FEMA-ZIP Merge Summary:
Total FEMA records (before filtering):   389086
Total FEMA records (after filtering):    388152
Matched ZIPs:                             388152
Missing ZIPs:                             934
ZIP Match Rate:                           99.76%
ZIP Match Rate (final dataset):           100.00%
Unique county FIPS:                       3277
Median ZIPs per county:                   12
Max ZIPs per county:                      494


##2.10 Disaster Count Aggregation by ZIP (Last 10 Years)

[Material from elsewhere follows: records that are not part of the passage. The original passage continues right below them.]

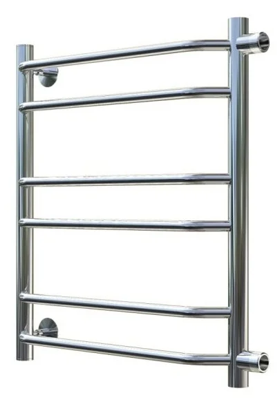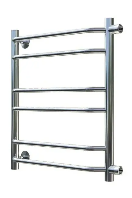 Компактный водяной полотенцесушитель 50×60×50 см из хромированной стали, устойчив к коррозии, быстро сушит полотенца и экономит место.
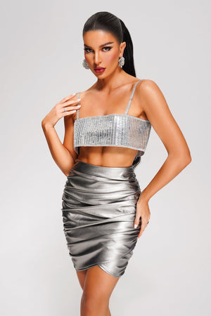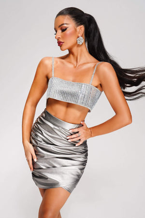 We totally know how to stop a party and let jaws hit the floor with Waga Crystallised Top! Shimmering rhinestone-encrusted metal fabric shapes a square neck, tank straps, and a sleeveless bodice that falls to a cropped hem. Turn around to show off a sexy open back with a adjustable extender chain.Cos your pants deserve a nice top, complete the look with it!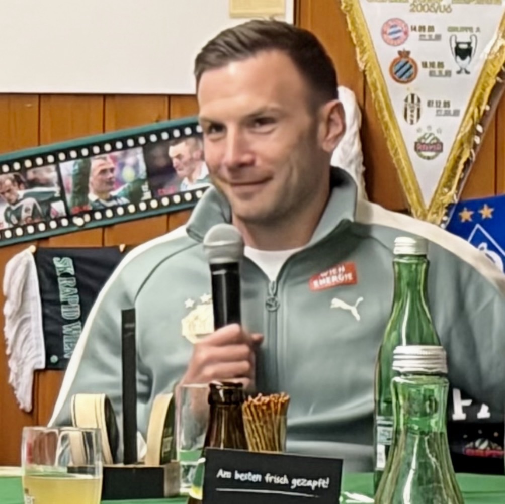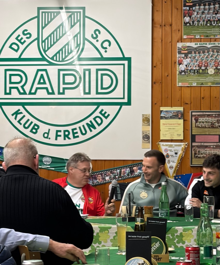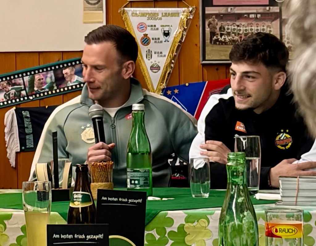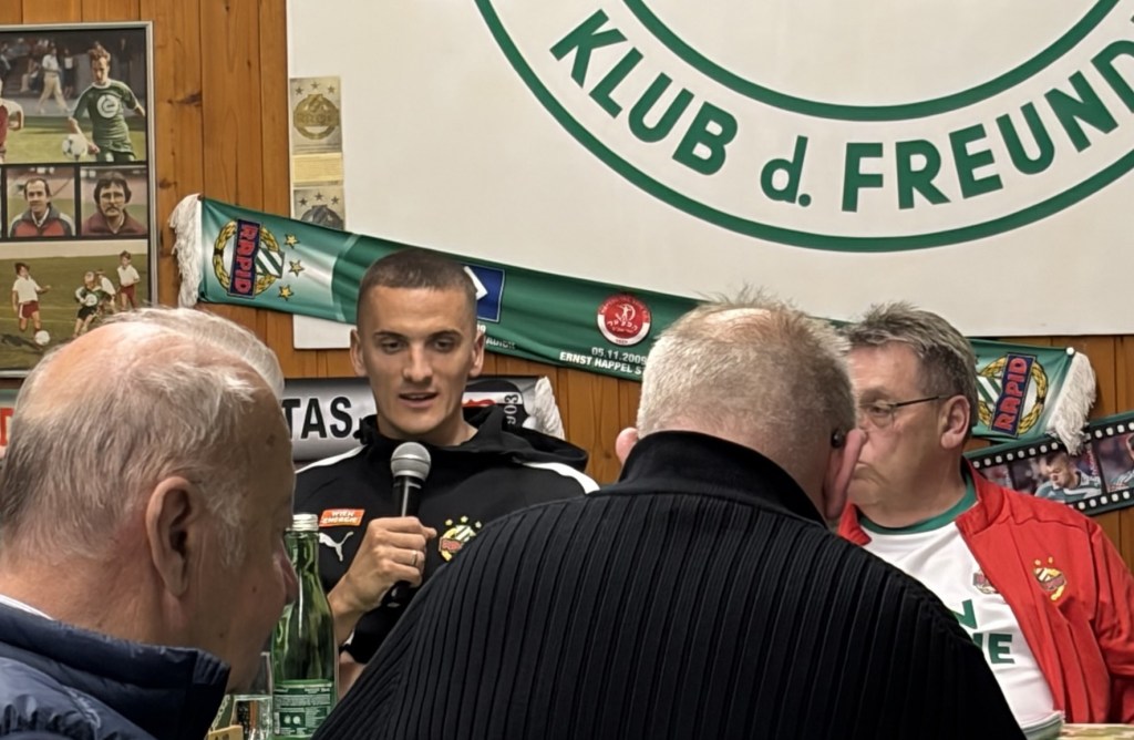 Furkan Demir kam später zum Fanklub-Treffen, weil er im Ramadan erst nach 18 Uhr essen durfte und erst nach dem „Iftar“-Mahl nach Meidling fahren konnte. Er steht beim nun seit zehn Wochen im Amt befindlichen neuen Trainer Johannes Hoff Thorup nicht mehr in der Startelf, gibt aber trotzdem alles im Training, glaubt an seine Chance und machte einen sehr positiven Eindruck. Sein im Winter nach Stationen bei Barcelona, Galatasaray und Basel zu Rapid zurückgekehrter älterer Bruder Yusuf ist aktuell verletzt; es kann also noch etwas dauern, bis wieder ein Demir für Grün-Weiß auflaufen wird.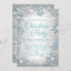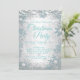 Élégante flocons de neige argent et bleu turquoise invitations à la fête de Noël avec de beaux flocons de bijoux turquoises bleu et argent sur un turquoise étincelant bleu et un arrière - plan à cordes clair. Cette belle invitation de fête de Noël aux flocons bleus est facilement customisée pour votre fête ou événement en ajoutant simplement vos détails. Cette élégante fête de Noël en flocon bleu turquoise est facilement customisée pour une fête de vacances.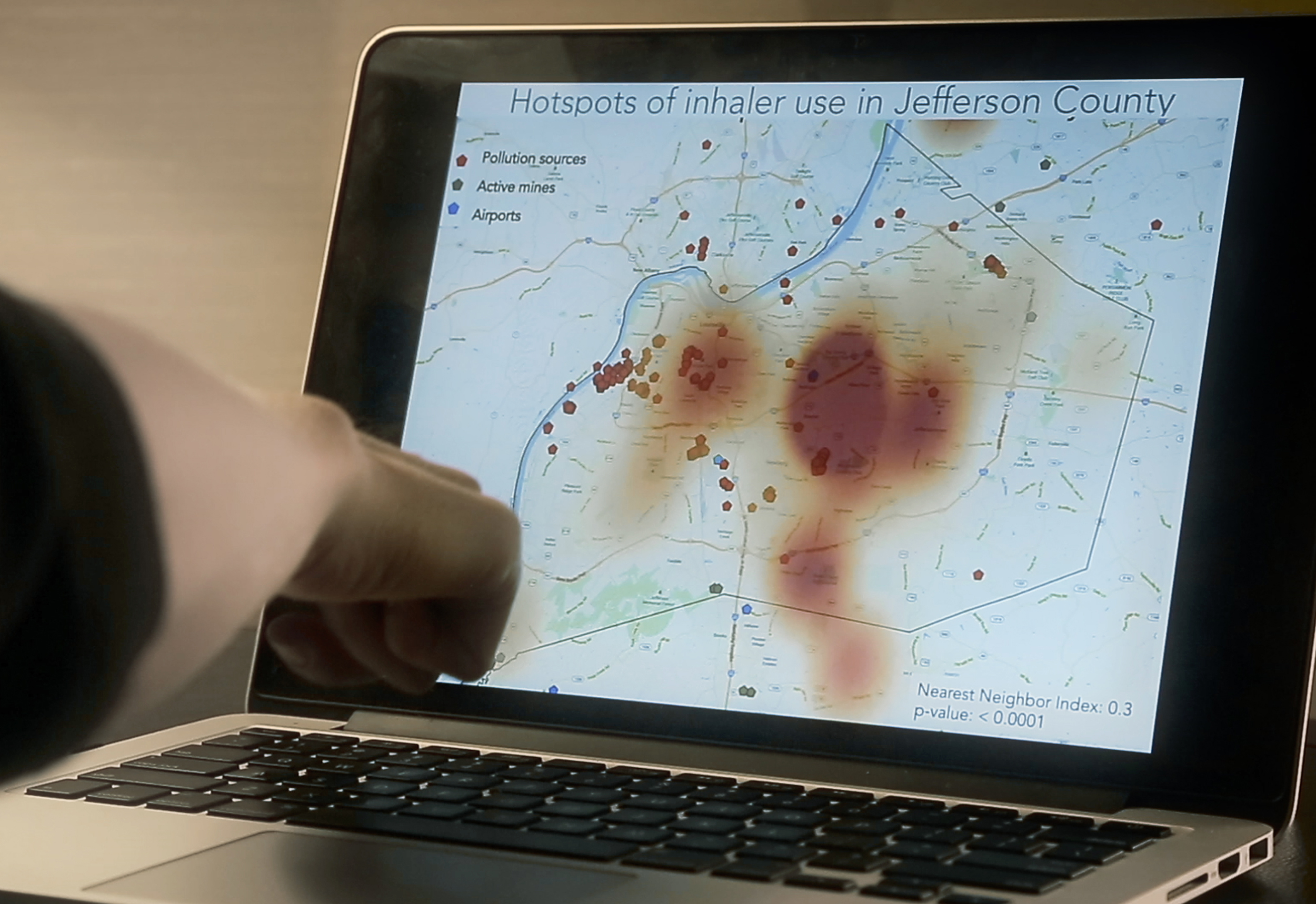 What we were able to do is take the thousands of data points that were received in the pilot and aggregate them and itemize them, and then look to see where a higher density of asthma inhaler use was more dense than expected. We did find significant clusters. Interestingly, we saw a cluster that was just east of downtown, a more affluent area, which was something that was very unexpected. We expected to see the highest density of inhaler use right near where we see the highest level of emissions, along the industrial corridor. What's interesting is that we see it's not just so simple as (the place) where air pollution is emitted, that's where you're going to see the asthma burden. It's an interplay of emissions, neighborhood characteristics, and where people spend their time as well as the impact of air quality and wind. We suspect that the wind actually is a significant predictor of asthma.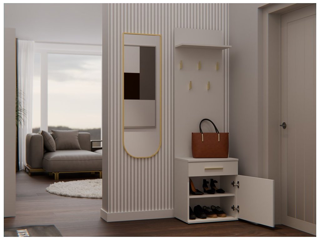 Nabízíme také Předsíňovou sestavu Topaz, která obsahuje předsíňovu stěnu v kombinaci se zrcadlovou šatní skříní.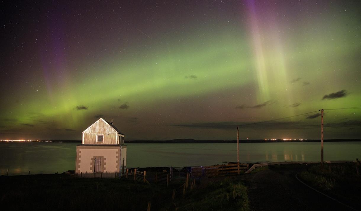 Built in 1900 to store the coal for the nearby Tiumpan Head Lighthouse, The Bunker’s foundations pay homage to its hardy past, accompanied with aluminum cladding with reflective capabilities that help blend The Bunker into the landscape. Through the entrance, you’ll find a westward facing bedroom hosting a super king-sized bed. A spacious, luxurious bathroom with a walk-in rainfall shower, designed impeccably with natural materials, textures and colours. The utility room is also situated downstairs, with space for muddy boots, as well as a washer and dryer. A spiral staircase leads up to an open plan kitchen and living space with windows encompassing the room, sliding glass doors and a reinforced glass balcony to accommodate the sweeping views. The kitchen comes fully equipped with everything you need for a self-catered stay, including a Nespresso coffee machine for your morning coffee. A wood burner centres the living space which offers cosy sofas, snuggly rugs, as well as a tv and a telescope for stargazing.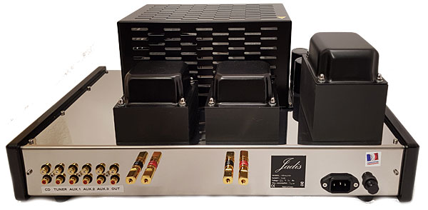 Like the Jadis Orchestra Reference MkII, the Orchestra Black is an integrated amp that uses two 6CA7/EL34 power pentodes per side, in push-pull, to produce 40Wpc in class-AB. Those pairs of output tubes are driven by a single 12AX7 dual-triode tube per channel. Upstream from the tubes, a single NPN transistor per channel (a 2N1711 in a TO-39 case) provides voltage gain. The output tubes are operated in fixed-bias mode: Each one has its own trim pot for adjusting the DC voltage applied to its signal grid, and each cathode is connected straight to ground. (Contrast that with the use of a 1 ohm cathode resistor, the presence of which allows for easier adjustment of bias current: With 1 ohm in the circuit, volts and amperes are equivalent.) For that reason, and because the amplifier's enclosure is the very devil to open—to do so requires the removal of 13 hex-head bolts, 10 screws, four feet, and one wooden end cap—adjusting bias, as is required when changing tubes, is best left to a qualified technician. And that would seem to cast a slight pall on the idea of tube-rolling, at least as far as the output tubes are concerned. (The amp arrives prebiased for the supplied tubes, the individual boxes for which are labeled in accordance with the tubes' positions.)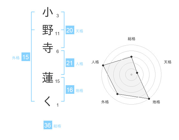 小野寺 蓮くさんを姓名の画数から五運を鑑定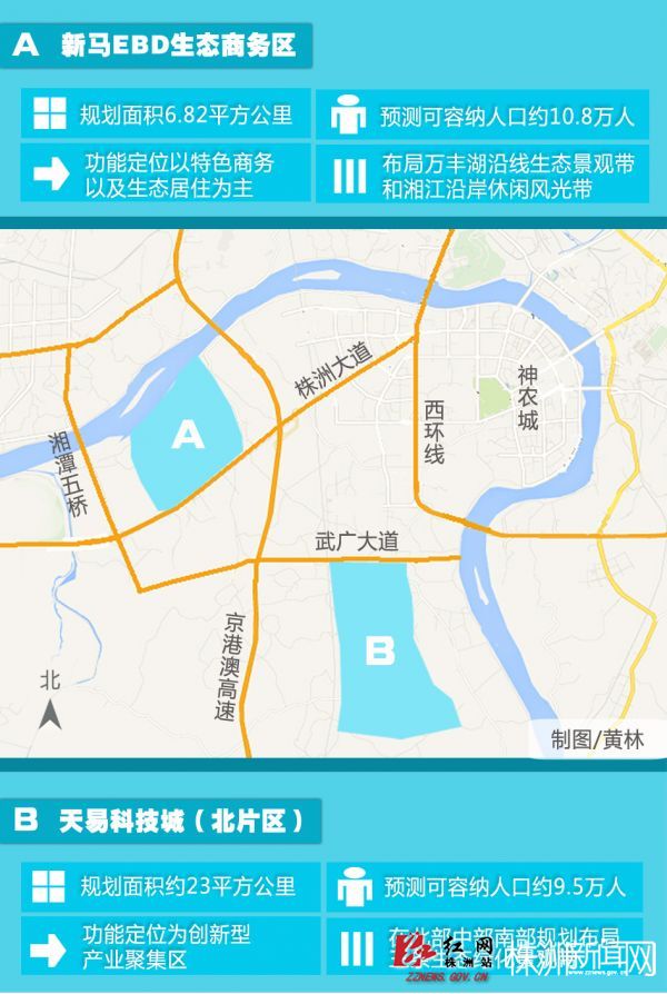 市规划局相关负责人介绍,两大片区规划都非常注重生态开发理念。天易科技城北片区依托水系和绿地景观,在北部、中部、南部分别布局三条生态绿化景观带;而新马EBD则布局有万丰湖沿线生态景观带和湘江沿岸休闲风光带。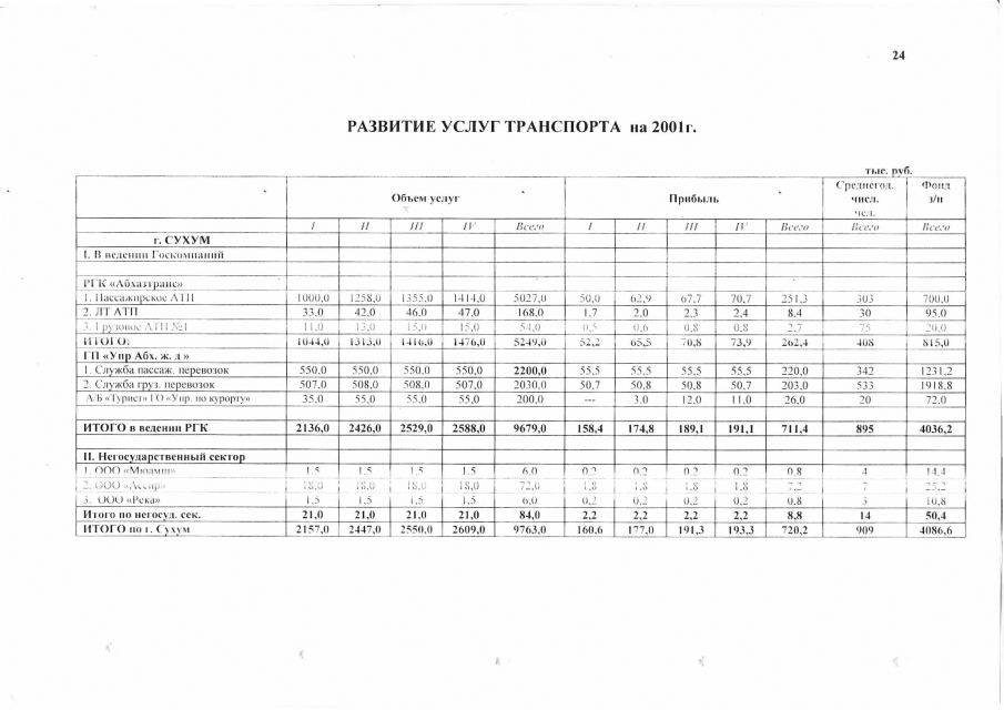 Постановление Кабинета Министров Республики Абхазия от 24.08.2000 № 296 "О прогнозе социально-экономического развития Республики Абхазия на 2001 г."

To support downstream analysis, we compute the number of FEMA disaster declarations in the past 10 years for each ZIP code. This gives a static risk exposure feature per ZIP that can be merged with housing data.

The aggregation is based on the cleaned FEMA dataset `fema_matched_df`, which includes only matched ZIP-level records between 2013 and 2025.

In [37]:
# Count the number of disasters per ZIP code
zip_disaster_counts = (
    fema_matched_df.groupby('ZIP')['disasterNumber']
    .nunique()
    .reset_index(name='disaster_count_10yrs')
)

# Format ZIPs as 5-digit strings
# zip_disaster_counts['ZIP'] = zip_disaster_counts['ZIP'].astype(int).astype(str).str.zfill(5)

# Make sure ZIP is stored as integer (drop decimals)
zip_disaster_counts['ZIP'] = zip_disaster_counts['ZIP'].astype(int)

# Reset index for cleanliness
zip_disaster_counts = zip_disaster_counts.reset_index(drop=True)

# Preview top ZIPs by disaster count
zip_disaster_counts.sort_values(by='disaster_count_10yrs', ascending=False).head(10)


Unnamed: 0,ZIP,disaster_count_10yrs
35885,91710,41
35884,91709,41
35934,91786,41
35920,91766,41
35623,90623,39
35625,90630,39
35626,90631,39
35630,90638,39
35680,90808,39
36711,93560,38


## Summary of Disaster Count Aggregation

The resulting table `zip_disaster_counts` contains the number of unique FEMA disaster declarations per ZIP code over the past 10 years. Each row represents a ZIP and its corresponding disaster exposure:

- **ZIP**: 5-digit ZIP code (int)
- **disaster_count_10yrs**: Total number of FEMA disaster declarations in that ZIP over the past 10 years

This table will serve as a **static risk feature** that can be joined with the main housing dataset using the ZIP code as key.